Using the data below, return word for word every line from the one holding "Anivia Computer Desk" down to the one holding "Siêu tàu du". Leave pictures out.

____ Data for this task

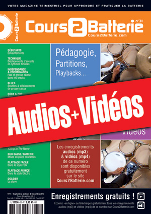 Une archive zippée contenant tous les enregistrements audios (mp3) et vidéos (mp4) qui correspondent au magazine Cours 2 Batterie n°31.
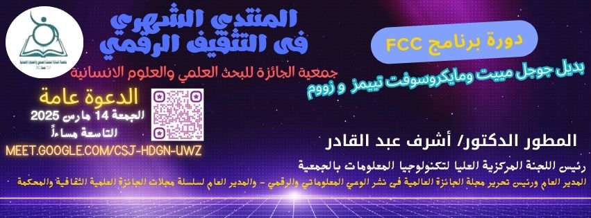 ننصح الجميع بحضور هذه الدورة المجانية حيث أن دورات وفعاليات المركز ستنظم علي هذه المنصة بإذن الله تعالي. (فضلًا يرجي الضغط على العنوان أعلاه)
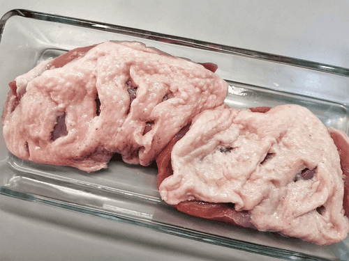 Грудку выложить в огнеупорное блюдо и надрезать шкурку в нескольких местах.
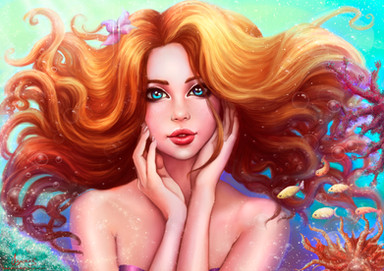 Beautiful! The the hair is my favourite part, the different shades of red and the mainly blue background make it stand out. The flower pins are a nice way to tie the dress and hair/background together, while still making it stand out. The background and her dress add a mystical theme to the piece that I also like.
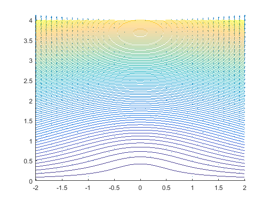 Podemos comprobar como el gradiente es ortogonal a las curvas de nivel superponiendo las dos representaciones:
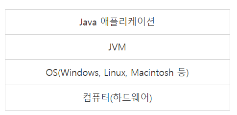 - 자바 응용프로그램의 실행을 위해선 반드시 JVM을 거쳐야 함
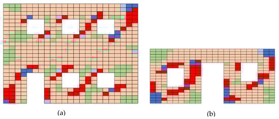 Figure 9b presents the state of stress for wall type 6 from the wall specimen from Ref []. The considered masonry wall in this study is a single-story wall panel with one door and two window openings. Just like the previous case, all geometrical dimensions, material properties and loading conditions are taken from the reference. According to Figure 9b, the cells with stress values that exceed the failure criterion are mostly located at cross corners of window openings and bottom-left corners of the piers.
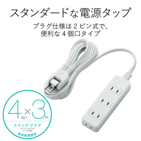 エレコム(ELECOM) T-TS02-2430WH ホワイト 電源タップ 180度スイングプラグ 延長コード 2ピン 4個口 3m
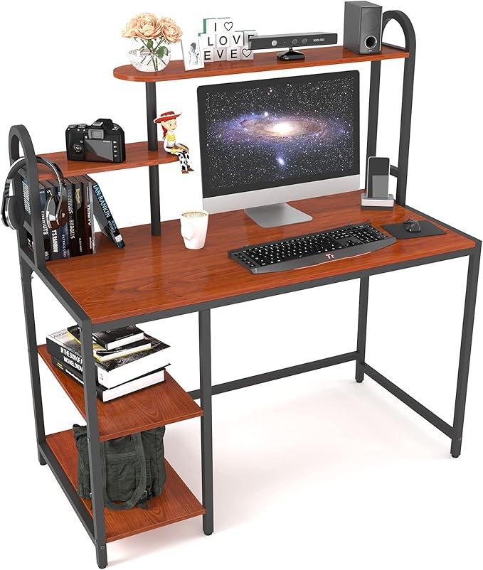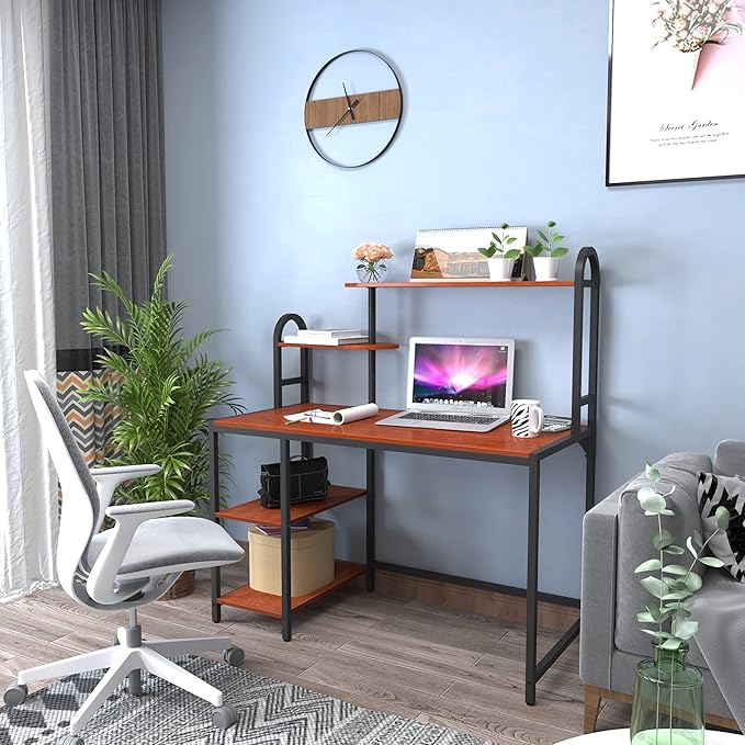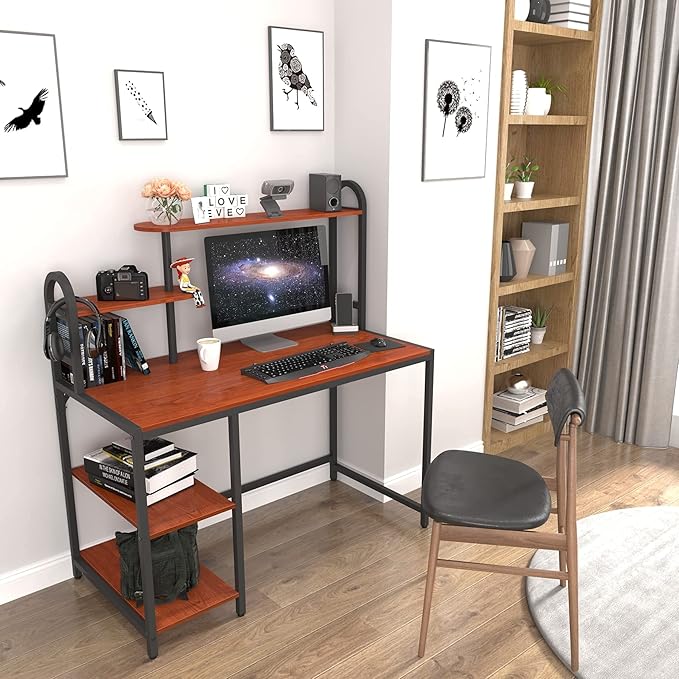Anivia Computer Desk with Hutch and Shelves, 47'' Home Office Desk with Adjustable Bookshelves, Writing Desk PC Study Table Workstation for Small Spaces
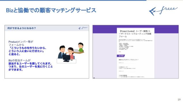 企画や開発のメンバーに「こういうものを作りたいから~な人に会いたい」とGoogleフォームに書いてもらい、それを見た私とビジネス職の人が相談して、要件に当てはまる人とのインタビューをセッティングする、というものです。
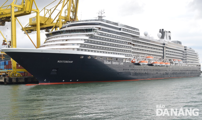 Siêu tàu du lịch biển hạng sang Westerdam cập cảng Tiên Sa, đưa 1.250 du khách xông đất Đà Nẵng - Ảnh: Báo Đà Nẵng |
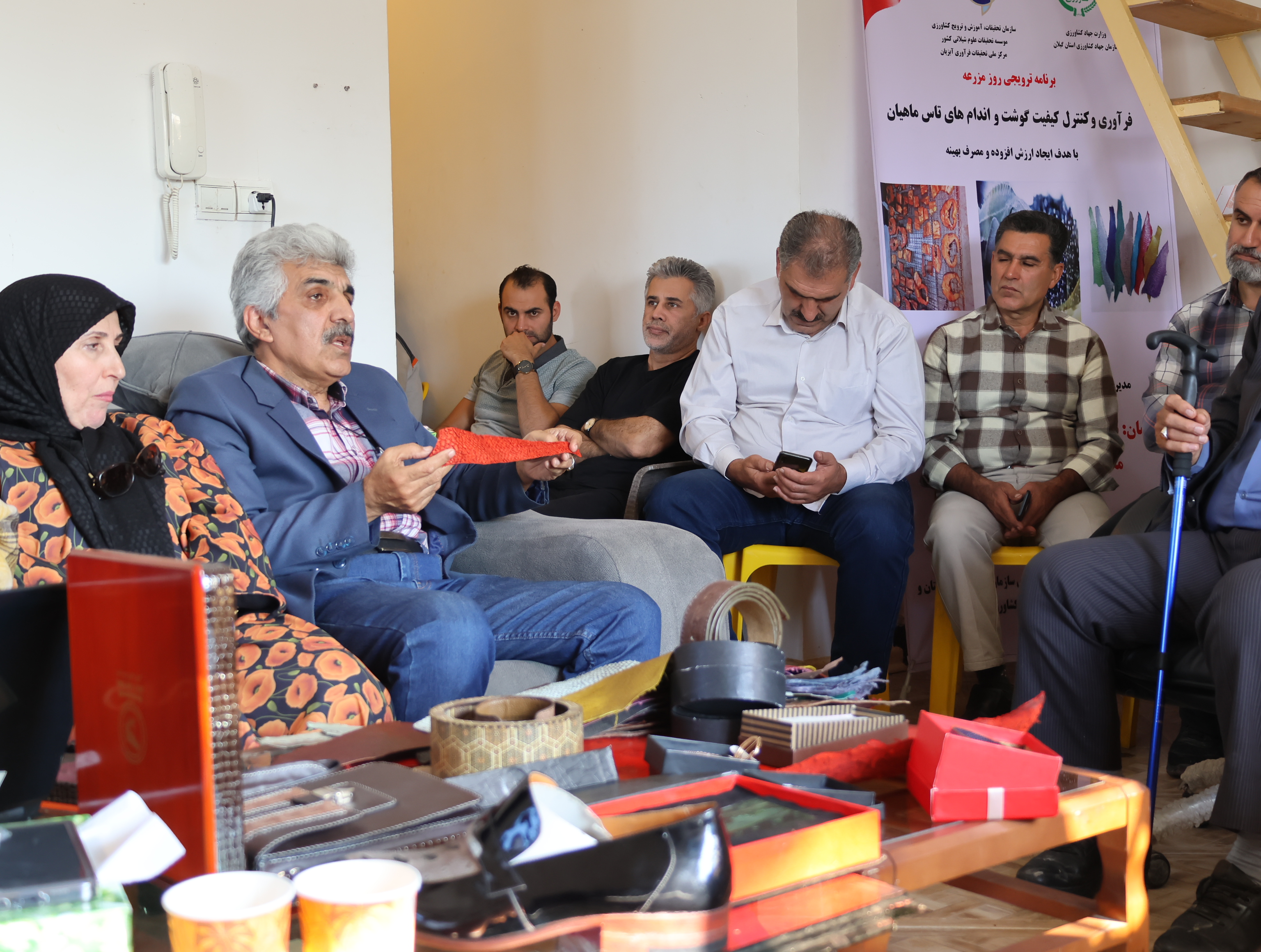 یکی از کارشناسان گروه تولیدی چرم ماهی نیز توضیحاتی درباره مراحل دباغی، ویژگیهای فیزیکی چرم تاسماهیان، بازار فروش و کاربردهای صنعتی آن ارائه کرد و نمونههای تولیدشده را بهصورت عملی در معرض دید شرکتکنندگان قرار داد.
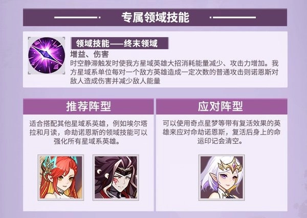 领域技能能够降低我方星域系英雄大招的能量消耗,同时提升其攻击力,建议搭配埃尔塔拉、月读等其他星域系英雄,以此提高大招的释放频率!
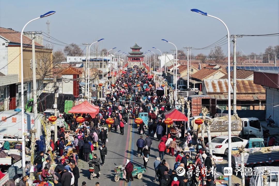 2月9日,农历腊月二十二,正逢淄博市高青县青城大集。临近年关,熙熙攘攘的人群从四面八方涌向青城镇地标建筑文昌阁,带着满满的期待和喜悦来赶青城大集,共赴这场年味盛会。
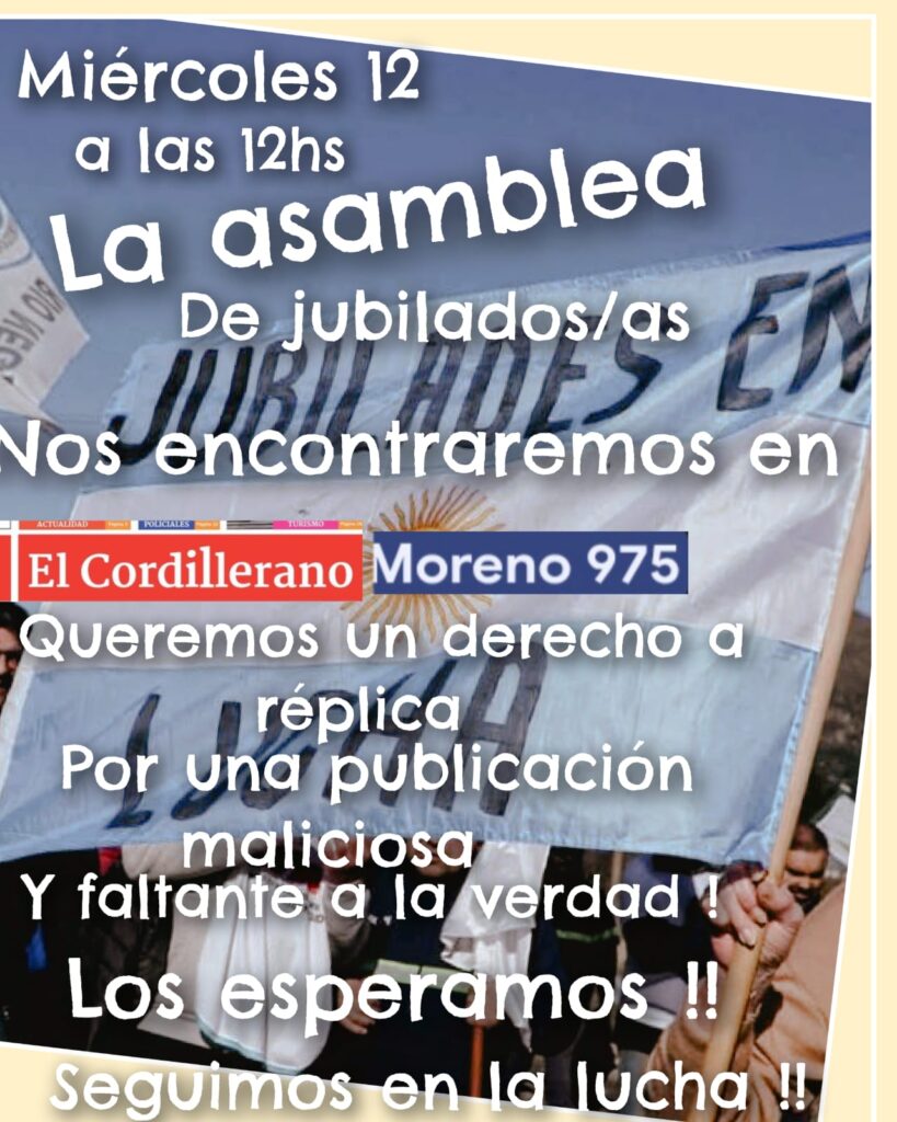 La agrupación, que ha encabezado numerosas movilizaciones por la defensa de derechos de Jubilados y Pensionados, reafirmó que continuará con sus reclamos de forma pacífica, pero exigió “respeto a la verdad y a la memoria colectiva” frente a lo que consideran un intento de manipulación mediática de parte de quien nos gobierna.
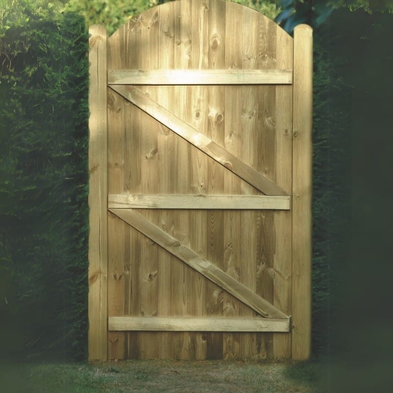 KDM Elite Tongue and Groove Gate. Ledged & Braced with an arched top 1.8m high x 0.9m wide. Made from sustainably sourced timber.
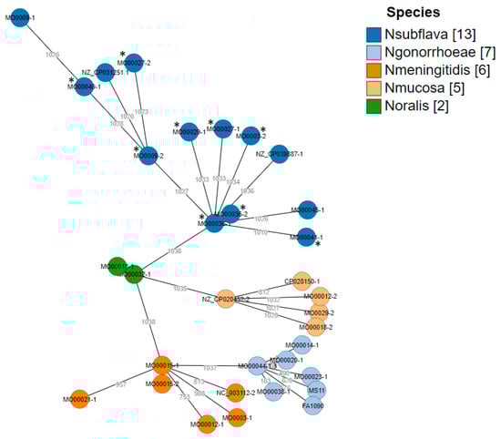 Gene-by-gene analysis was carried out wherein, the core allelic profiles (scheme) of the study strains (n = 26) along with seven reference genome sequences (N. subflava (n = 2), N. gonorrhoeae (n = 2), N. meningitidis (n = 2), N. mucosa (n = 1) from National Center for Biotechnology Information (NCBI), were analyzed using (ChewBBACA) []. Minimum spanning tree algorithm (MSTree V2) implemented in Grapetree was used to visualize the core genome MLST (cgMLST) allelic loci differences [].
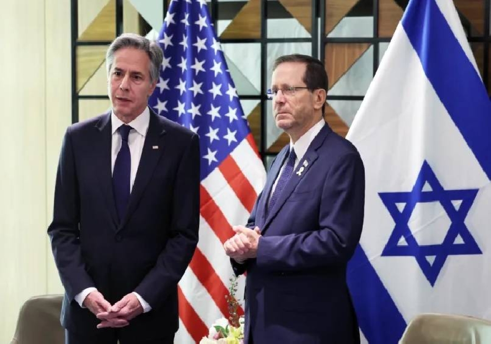 وقال خلال اجتماعه بالرئيس الإسرائيلي إسحاق هرتسوغ في تل أبيب، اليوم (الأربعاء): إن الولايات المتحدة مصممة على التوصل لاتفاق بين إسرائيل وحماس الآن يضمن وقف إطلاق النار وإعادتهم إلى ديارهم. واعتبر أن حماس هي السبب الوحيد لعدم التوصل لاتفاق حتى الآن.
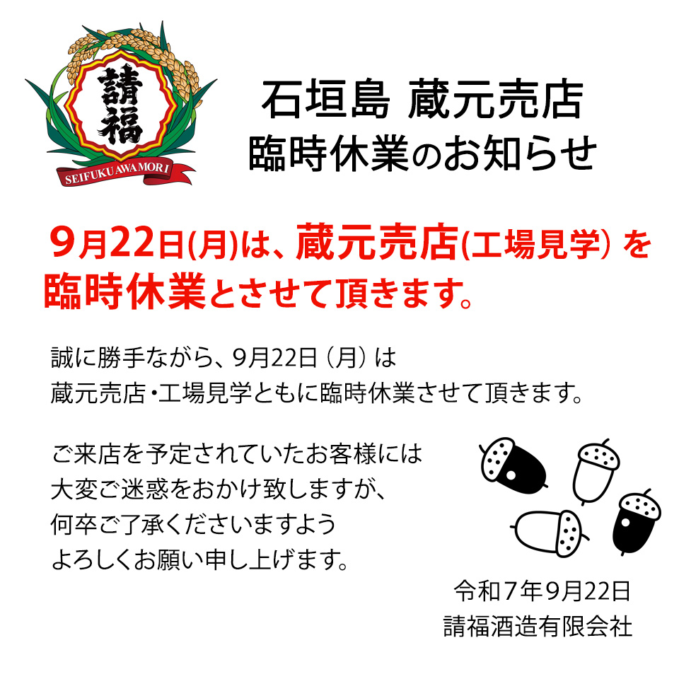 蔵元売店・工場見学ともに臨時休業させて頂きます。

________

__Output for this exercise__
Anivia Computer Desk with Hutch and Shelves, 47'' Home Office Desk with Adjustable Bookshelves, Writing Desk PC Study Table Workstation for Small Spaces
 企画や開発のメンバーに「こういうものを作りたいから~な人に会いたい」とGoogleフォームに書いてもらい、それを見た私とビジネス職の人が相談して、要件に当てはまる人とのインタビューをセッティングする、というものです。
 Siêu tàu du lịch biển hạng sang Westerdam cập cảng Tiên Sa, đưa 1.250 du khách xông đất Đà Nẵng - Ảnh: Báo Đà Nẵng |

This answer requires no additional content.